You can configure the LOMlite2 device to restart the server automatically after a lockup. The LOMlite2 device has a watchdog process which, by default, expects to be patted every 10000 milliseconds, i.e., every 10 seconds. If it does not receive a pat after 40000 milliseconds (default)--i.e., every 40 seconds--the LOMlite2 device turns on the front and back Fault LEDs and generates a LOM event report. However, it does not automatically restart the system unless you have configured it to do so.

Configuring the LOMlite2 Watchdog to Restart the System After a Lockup

single-step bulletRemove the hash (`#') from the following line in the script file /etc/rc2.d/S25lom to enable the LOMlite2 watchdog process:

priocntl -e -c RT lom -W on,40000,10000 -R on

When you have done this, the LOMlite2 device will restart the server whenever the watchdog times out.

You can turn the option on and off from the UNIX # prompt. For more information, see Setting the Hardware Reset Option From a Script or Command (lom -R on).

However, as long as you have the -R on option set in /etc/rc2.d/S25lom, the Hardware Reset option will always be enabled when you start the system.

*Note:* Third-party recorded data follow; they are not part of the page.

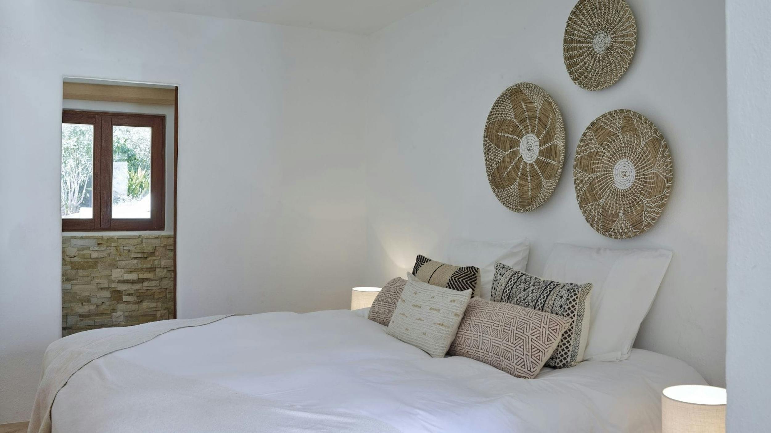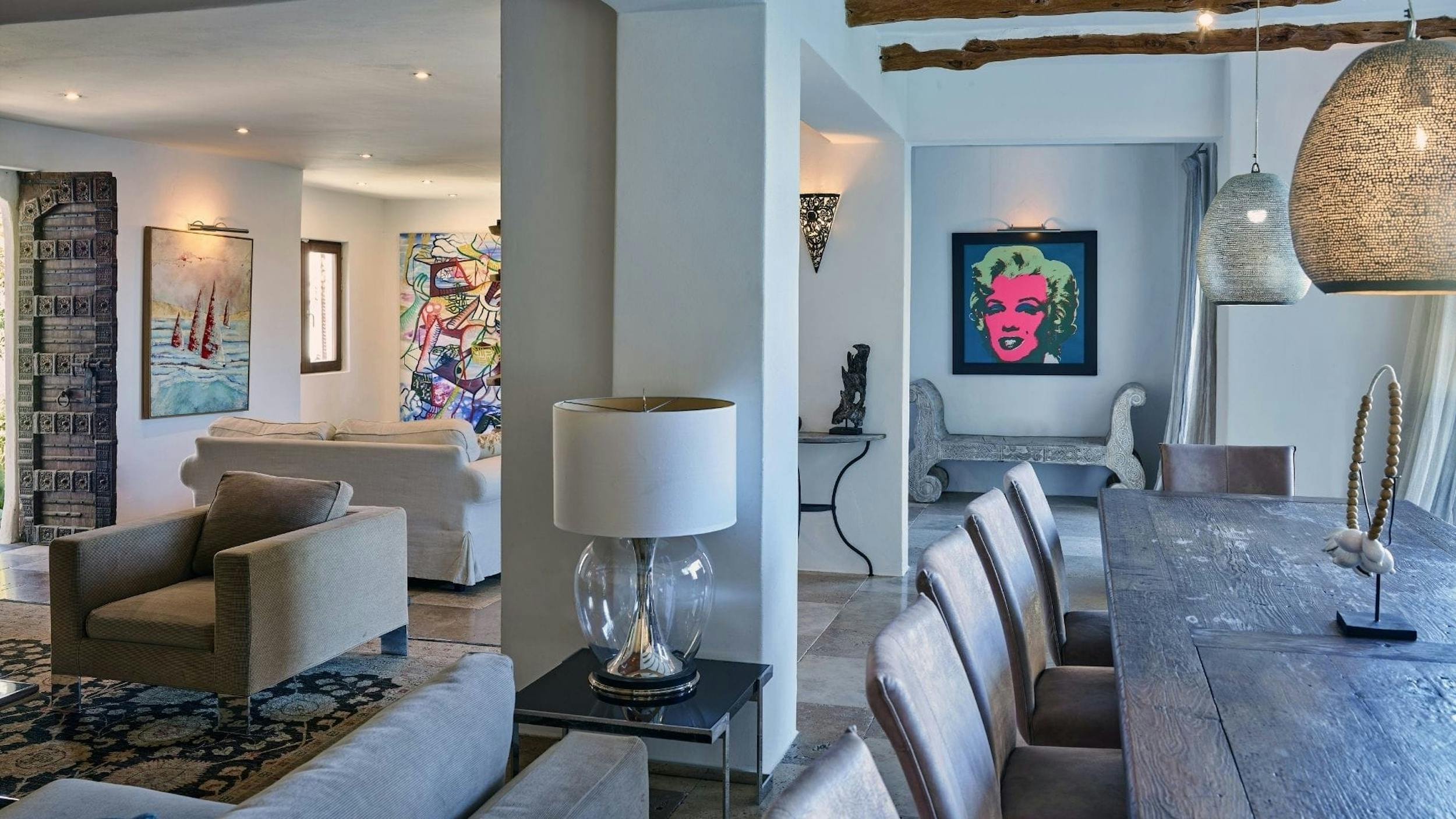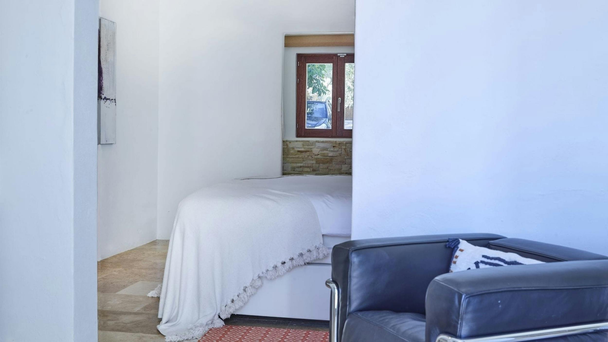 The interiors of Can Sol are an artful blend of typical Ibicencan architecture and modern comforts. Natural materials, exposed stone walls, and neutral tones create a sophisticated rustic style.
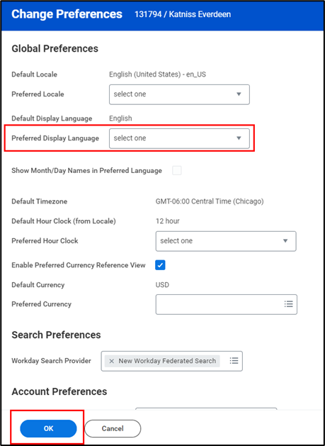 - If you selected Change Preferences, make language preference updates in your Global Preferences. Select the language in you would like in Preferred Display Language.
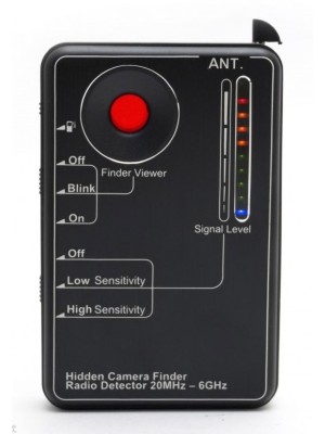 When you need to find a hidden camera this KJB DD3150 detection device can find it two ways, 1- using the powerful set of red LED’S and view finder to locate the lens of any camera 2- using RF detector to pick up transmission of radio frequency.
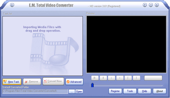 E.M. Total Video Converter - это очень мощная программа, которая позволяет конвертировать любые видеофайлы в форматы 3gp (формат мобильных телефонов и наладонников), mp4, psp, iPod, swf, flv, DVD, VCD. Total Video Converter поддерживает чтение и проигрывание большого количества видео и аудио форматов (3gp, mp4, psp, iPod, swf, flv, DVD, VCD, mp3, ac3, ogg, wav, aac...), а также конвертирует их в популярные video/audio форматы и форматы мобильных телефонов и наладонников. Присутствует возможность извлечения аудио из видеотреков и сохранение в mp3, ac3, ogg, wav, aac.
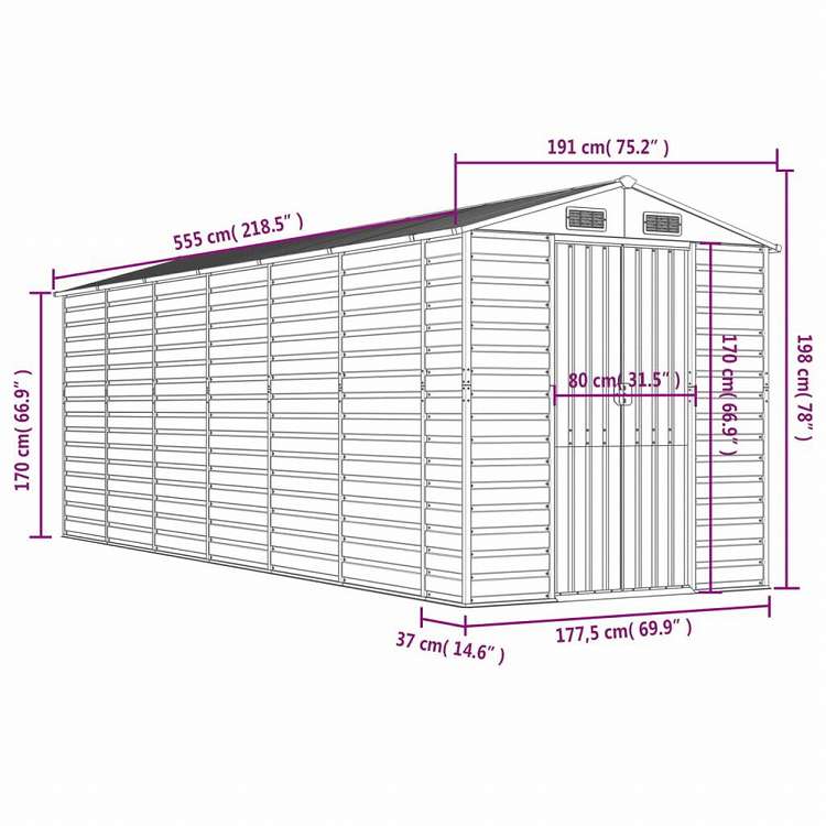 vidaXL 庭用物置 アントラシート 191x555x198 cm 亜鉛メッキ鋼製ホーム&ガーデン 芝&ガーデン アウトドアリビング アウトドアストラクチャー 日除け・ガレージ・カーポート(代引不可)
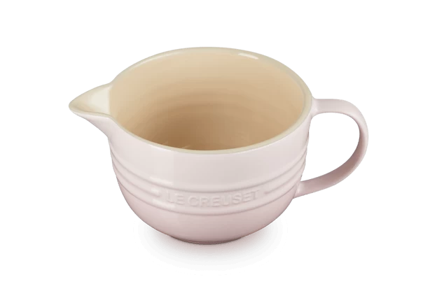 De ronde beslagkom van Le Creuset is gemaakt van roze geglazuurd aardewerk en heeft een diameter van 18,3 cm en een inhoud van 2 liter. De beslagkom heeft inclusief de greep een lengte van 26,1 cm. Gebruik de kom voor het mengen van beslag.

Enabling the LOMlite2 Watchdog Process From Your Own Script or Command (lom -W on)



Note - You do not normally need to do this. If you want to configure the LOMlite2 device to perform an automatic server restart after a lockup, see Stopping LOMlite2 from Sending Reports to the Lom Console Port (lom -E off). Only use the lom -W on option on the command line or in another script file if for some reason you have removed the /etc/rc2.d/S25lom script.



The LOMlite2 watchdog process is disabled by default. To enable the watchdog process type:

# priocntl -e -c RT lom -W on,40000,10000

The number 40000 on this command line indicates the watchdog's timeout period in milliseconds; you can specify a different number. The number 10000 indicates its pat interval in milliseconds; again, you can specify a different number.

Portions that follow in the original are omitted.